No surprise, Nelson is
crystal clear about Lennie’s MAIN
PROBLEM. And it is not just a choice
between to boys. Lennie wants to get
through her grief for sister, Bailey.
Her Uncle Big actually says, “There’s no way but through.” What that means gets complicated though. Through
means time to experience loss and pain, and through
means being on the other side of loss and pain, able to embrace life again.
Maass defines COMPLICATIONS as the obstacles that get
in the way of the protagonist’s main goal.
These not only abound in The Sky
Is Everywhere, but remain incredibly focused on Lennie’s desire to get
through her grief. Toby, the now-dead
Bailey’s boyfriend, helps Lennie remember Bailey in a way no one else can. Joe, the new boy in town, and perfect
counterpoint, enables Lennie to forget her grief. The jacket copy doesn’t lie when it reads,
“though she knows if the two of them collide her whole world will explode,”
because when Joe sees Lennis kissing Toby Lennie breaks with Toby and Joe
breaks with her. Without either boy in
her life, Lennie comes to realize that both relationships were masking her need
to face that, without her sister, she is undeniably alone. After this realization, it dawns on Lennie
she has been focused on only her own grief.
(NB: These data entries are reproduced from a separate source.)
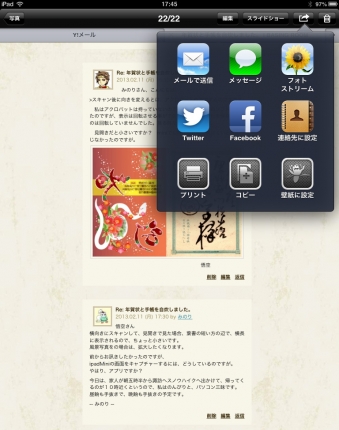 一番良かった事は、iPadを横向きにすると見開きで表示される事。1枚の年賀状の表面と裏面を同時に見る事ができます。これはかなり快適ですよ。
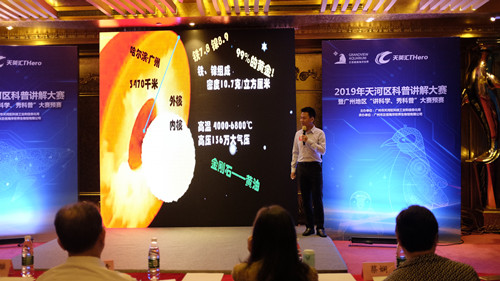 3月20日,由廣州市天河區科技工業和信息化局主辦的2019年廣州市天河區“講科學、秀科普”大賽暨2019年全國科普講解大賽預賽在廣州市正佳極地海洋世界舉行。來自廣州市天河區68位不同職業、不同年齡、不同風格的選手同臺競技,講解內容涉及地球科學、食品安全、生物、醫學、新能源、環境保護、金融、大數據等多學科領域。選手們各具特色的精彩演講,既生動又富有感染力,為觀眾提供了一場通俗易懂、引人入勝的科普盛宴。
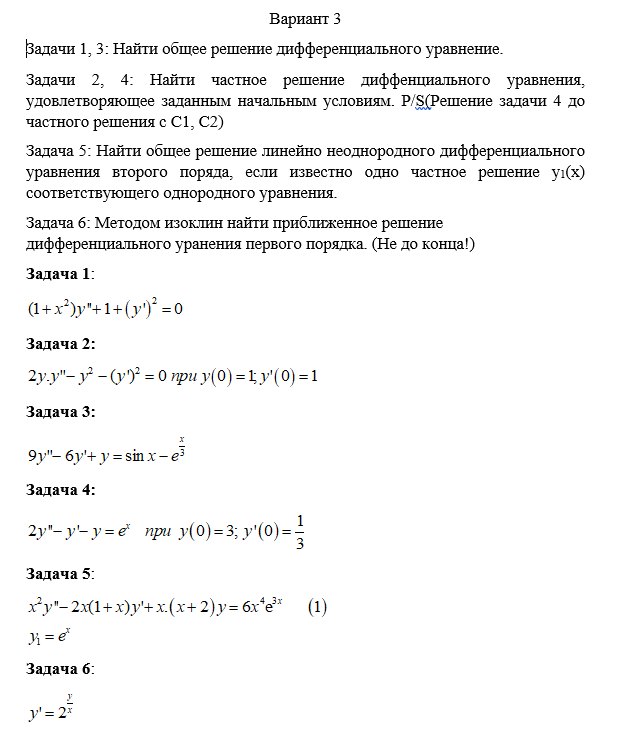 ДЗ 2: Дифференциальные уравнения вариант 3
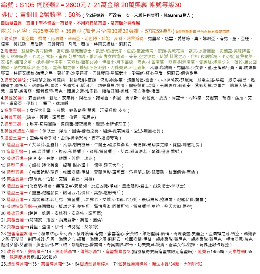編號:S105 伺服器2 = 2600元 / 21萬金幣 20萬奧義 帳號等級30
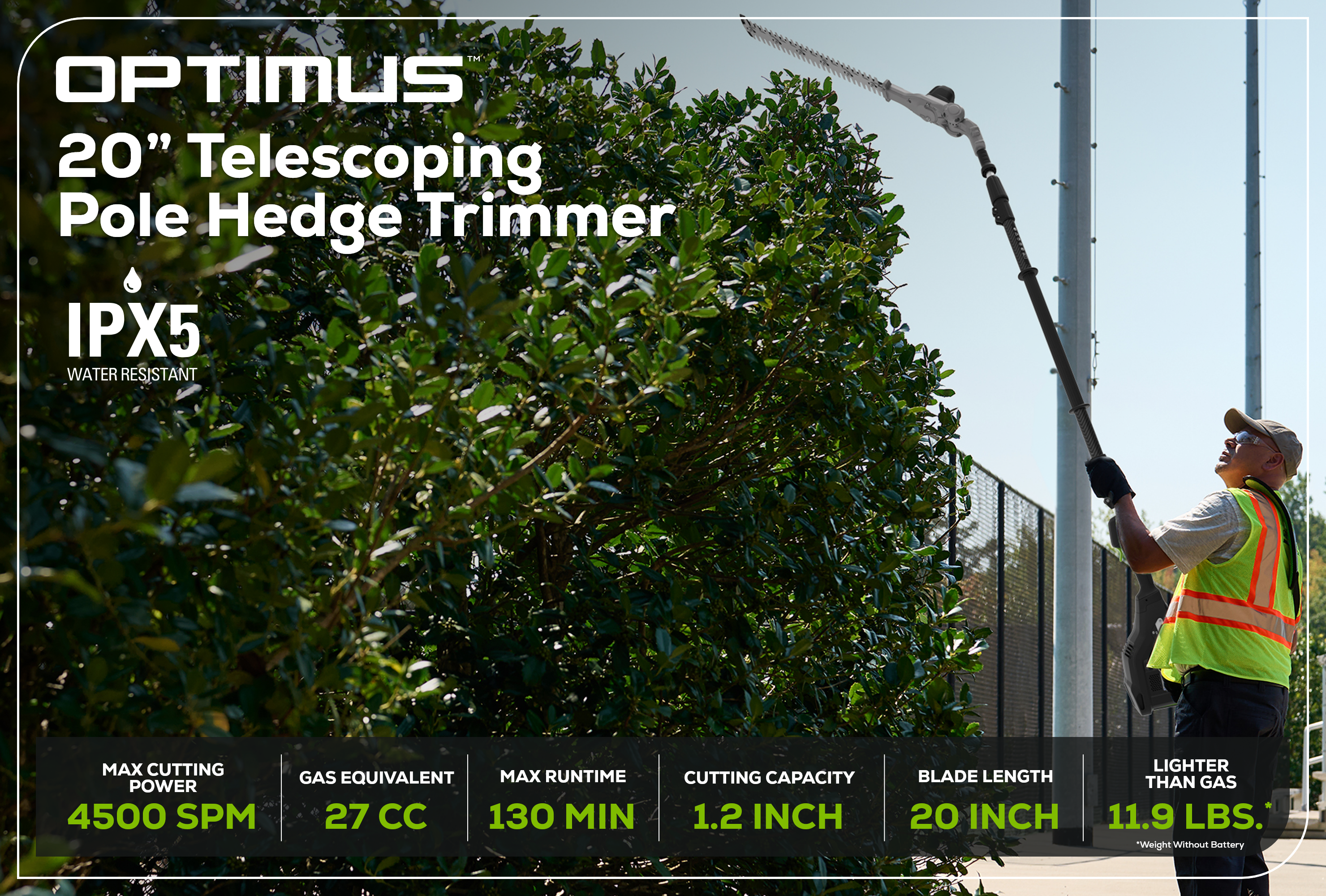 The Greenworks Commercial Optimus 82V Telescoping Pole Hedge Trimmer empowers professional landscapers to do more in less time. Designed to outperform gas units, it delivers 27cc gas-equivalent power while eliminating the headaches of fueling, exhaust, and intensive maintenance.
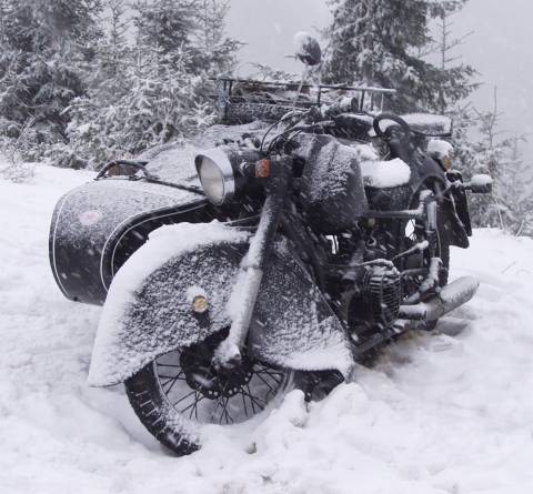 Uwe hatte bis zuletzt auf Teile gewartet, um die Dnepr nach einem sommerlichen Motorschaden treffenfit zu bekommen. Die Immler-Schneereifen kamen in letzter Minute und wanderten auf den Gepäckträger - auch einer für Christopher. Ventilfedern waren neu verbaut worden, außerdem ein Kompressorhorn und ein winkender Iwan. | |||
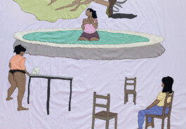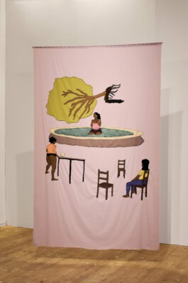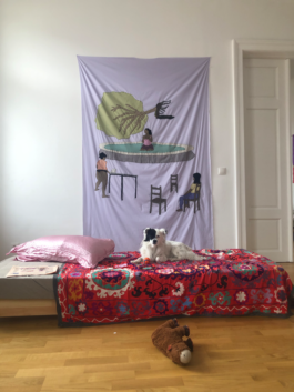 Sophie Utikal’s textile piece explores the sensations of belonging and displacement in the encounter with an unknown future. The interruption of everyday life emerges in her work as an atmosphere of constant and conflict-ridden negotiation with passivity. The arrangement of the characters evokes the forced physical distancing and the disruption of the tactile currently being imposed on interpersonal relations, addressing the effects that the pandemic has had on our emotions, feelings, and behaviors.

So well does Nelson understand Lennie’s main problem that the
complications can unfold and unfold.
Now Maass distinguishes
complications from PLOT LAYERS,
which he defines as additional problems the protagonist faces –not
complications to the main problem, but altogether different problems. Lennie has these too. She has avoided her clarinet talent. She writes audience-less poems which she
scatters everywhere. And Lennie learns
about her missing mother. These problems
exist separately from Lennie’s need to get through her grief, but they are both
compounded by Bailey’s death and come to inform Lennie’s journey through her
grief. The layering leaves Nelson levels
of problems to utilize in Lennie’s inner arc, but because she finds nodes of
conjunction between these layers and the main problem, the book holds
together. The layers are not random or
scattered, they are purposeful. If they
do not exist because of Bailey’s death, they become touch-points that help
Lennie make sense of things.
SUBPLOTS,
Maass says, are something else. While
plot layers are given to the protagonist, subplots are narrative lines given to
other characters. Nelson nails these as
well. Toby wants to hold on to Bailey, though he must let her go. Joe wants an all-or-nothing romance, but life
is more complicated than that. Gram
wants to talk about her own grief with Lennie, Big wants to bring the family –particularly
Lennie— back to life, and Lennie’s best friend, Sarah, just wants their
friendship back. Each character is
working to solve his/her own problem while the protagonist is working on the
main problem, though, again, the secondary character’s issues are tightly woven
to that main problem. The result is not
only a rich dynamic between characters, but also a meaning-making aesthetic.
The depth and breadth of
Nelson’s work with the protagonist’s main problem, complications, and layers,
as well as, the secondary characters’ subplots is encouraging to my work this
summer. Of course, it’s nice when the
pages start to come, the actual pages of accumulating chapters, but Nelson’s
work tells me something different. It
tells me it’s worth taking the time to understand your material with clarity.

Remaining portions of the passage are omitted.